The most important voting trend to notice, though, is that Catholics as a whole are not receptive to traditional Catholic or Christian messaging. In fact, the laity is shouting “no” to every plank of the trad program: Sixty percent want a church that is “more inclusive, even if it means changing some teachings,” against just 37% who want it to “stick to tradition.” Eighty-four percent want the church to permit contraception, and majorities back IVF, married priests, and women’s ordination. Even on abortion, roughly 57% of Catholics say it should be legal in all or most cases. The trads can rightly note that observant, weekly-Mass Catholics flip these stats — but only about three in ten Catholics attend Mass regularly, which means you are pitching this to a minority of a minority.
Catholics also recoil at any insinuation of Christian nationalism or fusion of church and state. Only one in 10 Catholics views Christian nationalism favorably, and half say the Bible should have no bearing on the law.

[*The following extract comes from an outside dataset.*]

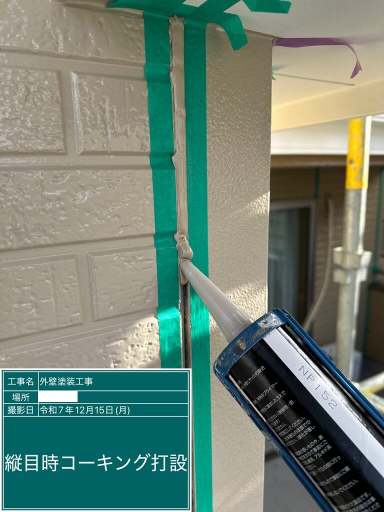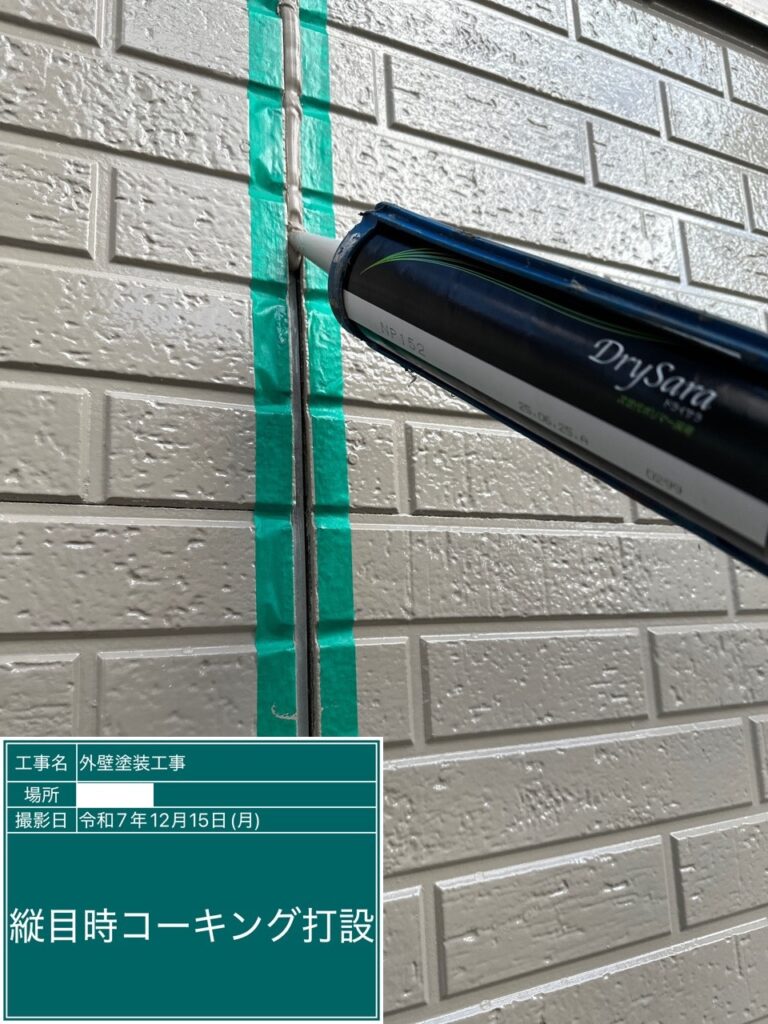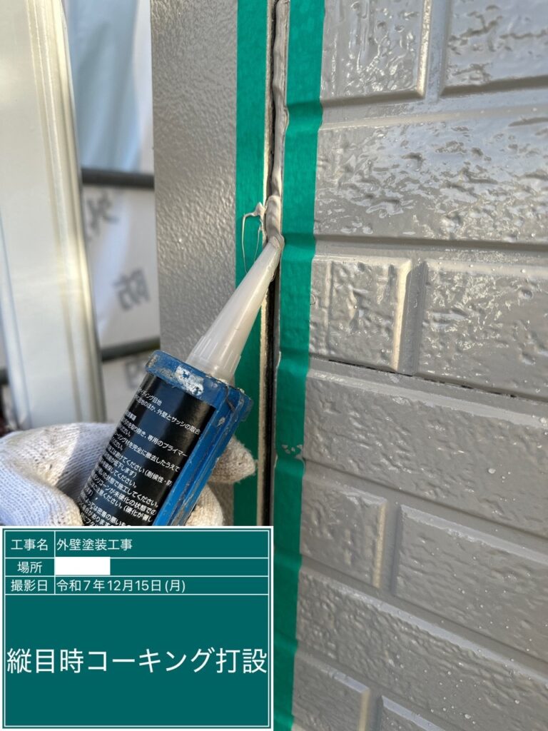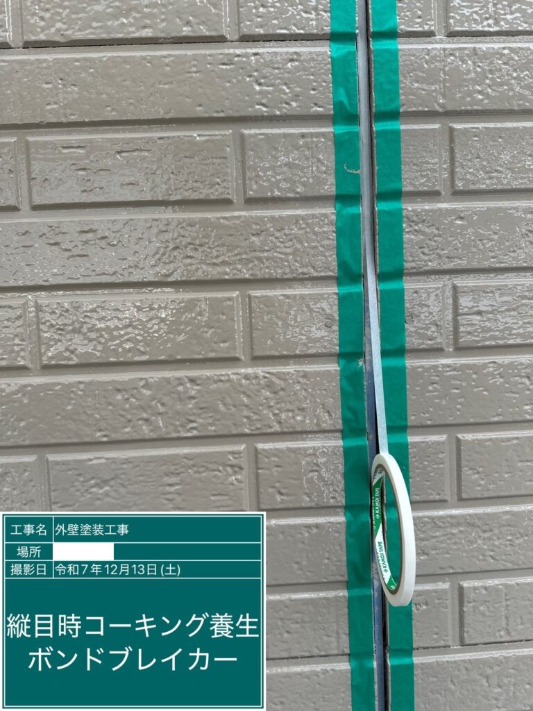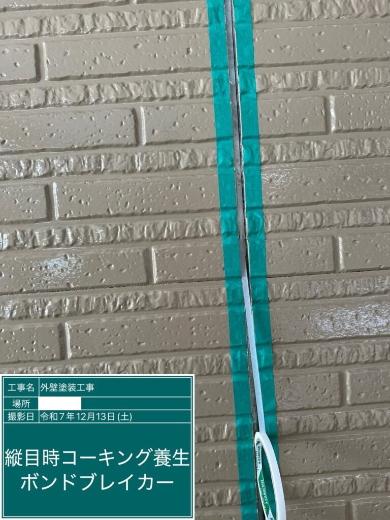 コーキングの工程で重要なボンドブレーカー打設。これはコーキングの3面接着を防ぎ、2面接着させることでコーキングの柔軟性を保ちます。3面接着してしまうと外壁材の動きについていけず、ひび割れが起きてしまいます。ここから雨水が侵入し雨漏りに繋がるケースがあります。

Perhaps the greatest irony is that Pope Leo XIV is not blessing this marriage. He vehemently opposes these right-wing Catholic platforms, America’s included. And 78% of American Catholics view him favorably, while a majority say Trump has been too critical of him.
THE POPULIST IMMIGRATION CIRCUS
To tie or otherwise associate your party’s identity to a minority of voters who aren’t even especially fond of you, while also threatening to deport large swaths of them, does not immediately strike me as a winning strategy. It is also not necessarily Vance’s strategy — he is certainly no Catholic identitarian, and his conversion, widely derided as politically motivated, seems sincere enough to me. The same cannot be said for the movement that has sprung up around him, and for no apparent reason.
The right can win in Washington via appeals to the border, cost of living, and everything that motivates voters without invoking Rome. I can see no good reason for this marriage to proceed. Join me in objecting.